Frankly, what the Rangers have been able to do with a starting rotation considering all that is amazing. Ross Detwiler has been awful, as everybody in the world not already named Detwiler could have said. But Wandy Rodriguez has come back from the dead to pitch quite well through four starts. Yovani Gallardo has a 4.19 ERA and a 2-5 record, but had he been the No. 3 or 4 pitcher they intended, his numbers would work okay. Nick Martinez has been amazing (1.47 ERA through 36.2 innings), even if his 3.7 K/9 does not inspire long-term confidence.

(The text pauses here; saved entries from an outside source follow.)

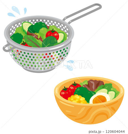 ザルで水切りされる野菜とボウルに盛られたサラダ
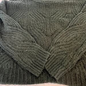 This sweater has a very fuzzy appearance and the natural fibers can look like pet hair. These are part of the knit. The design of the knit has some looser weave throughout the design where skin can sometimes be seen through the knit as pictured.
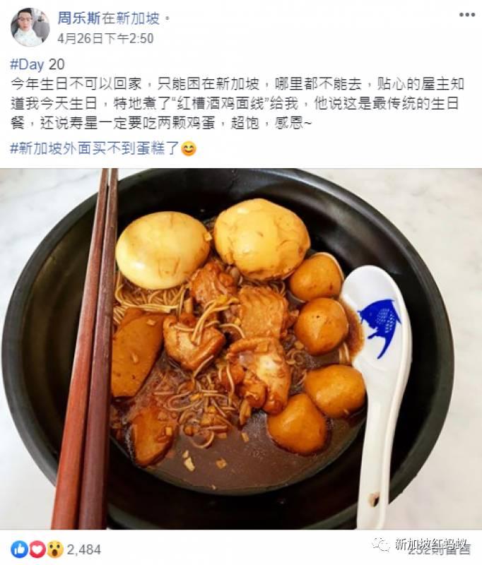 “今年生日不可以回家,只能困在新加坡,哪里都不能去,贴心的屋主知道我今天生日,特地煮了“红槽酒鸡面线”给我,他说这是最传统的生日餐,还说寿星一定要吃两颗鸡蛋,超饱,感恩。”
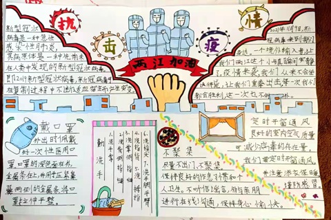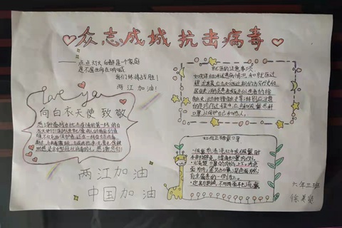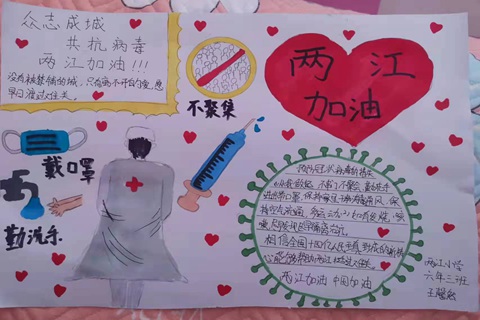 孩子们在防控疫情期间还亲自动手制做了好多触动人心且精美的手抄报、视频等正能量作品,他们在用自己的方式关心着疫情时情,助力两江!为家乡加油!
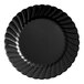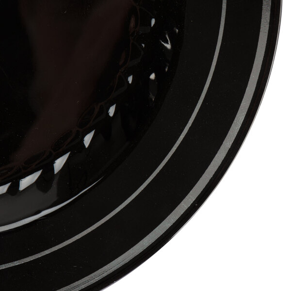 Made of heavy weight plastic, this strong and sturdy Fineline Silver Splendor 506-BKG 6" black plastic plate is perfect for wedding receptions and luncheons. It's great for serving desserts and appetizers, adding style and class to any tabletop. Plus, it's embellished with two silver bands to give it a distinct style that combines the convenience of plastic with the elegant appeal of china.

The most interesting one, though, is Colby Lewis. Lewis, 35, was a disaster much of last year. After a 13-run, 2.1-inning outing July 10, Lewis had a 6.54 ERA in 84 innings, with a 1.82 WHIP. He was still in the rotation basically because ... well, you know, all the guys whose arms fell off. Lewis entered the big leagues in 2002, didn't pitch at all in MLB in 2005, 2008, 2009 or 2013, and looked like he might be reaching the end of his run. As Adam Morris pointed out on Lone Star Ball, Lewis has had Tommy John surgery, rotator cuff surgery, tendon flexor surgery and "a hip procedure which no pitcher had ever come back from." Dude shouldn't even be using his arms anymore.
Things turned, though. He wasn't great the rest of 2014, but Lewis pitched to a 3.86 ERA in 86.1 innings, pitching to a WHIP off 1.23. All-Star level? No. But it at least gave hope that Lewis could be a contributing member of a 2014 Rangers bounceback.

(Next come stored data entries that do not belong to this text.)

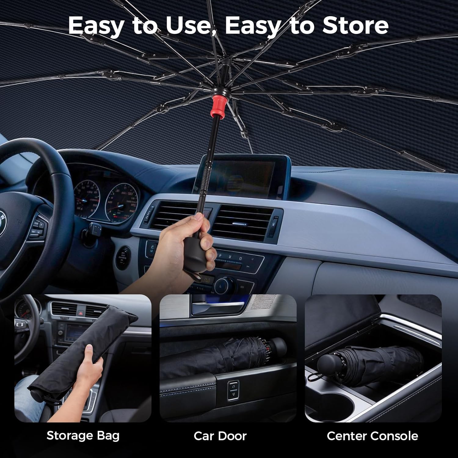 1-Second Setup, Ultra-Compact Storage: Unfold and install in one second, just like an umbrella! This windshield umbrella pops open to cover your windshield instantly and collapses into a compact size when done. Store it neatly in the included holster under your seat or in the door pocket—ultimate convenience for every drive.
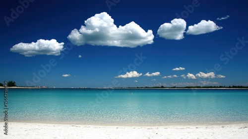 © Robet, Fototapeta premium Tranquil Beach Scene: Azure Waters, Fluffy Clouds, and White Sand.
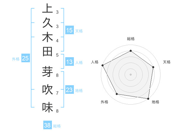 上久木田 芽吹味さんの総格は38画の4点!
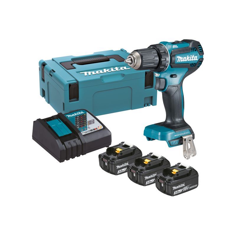 бесщеточный, 18В, 3х3 Ач Li-ion, быстрозажимной патрон 13мм, 0-500/ 0-1900об/мин, 50/25 Нм, 1.7кг, систейнер

It's this year that has really been encouraging. Through seven starts, as of his win over the Royals Monday, Lewis has a 2.40 ERA. And, while he isn't exactly striking out a million people (6.8 K/9), he's been good for a FIP of 3.30. He's allowed two runs in 21 innings in May, and even when he wasn't as good early in the season, his ERA hasn't been above 3.79 any day all season.
None of the Texas pitchers is widely owned. In Yahoo! leagues, Martinez is at 35 percent, Gallardo 28, Rodriguez 8 and Detwiler 1 (poor souls, that one percent). It's easy to imagine Rodriguez slips; Gallardo hasn't even been great; Martinez screams regression. Lewis, though — this looks like who he is. Since coming back to the bigs in 2010, short of that awful stretch last season, Lewis has been solid and unspectacular, reliable but not flashy. He's the cardigan of pitchers.
He's 24-percent owned in Yahoo! leagues. Most of the time, when I write these, I point out that guys' ownership percentages should be considerably higher. In this instance, I'm not really saying that. Lewis is 24-percent owned. That could stand to be higher, but I can't say it needs to be.
All I'm saying here is that Lewis is easy to scroll right past, to ignore almost completely. And that isn't fair. Lewis might not belong on your roster. But I've mentioned him to a couple of people who largely scoffed. "Lewis is terrible. I wouldn't touch him!" And he's not a scoff-and-dismiss guy. He's a streaming candidate. Ownership of 24 percent might now be far off. But when his next start rolls around (currently scheduled for a home game against Cleveland Saturday), Lewis belongs right in the middle of the streamer conversation, not around the fringes of the dump pile.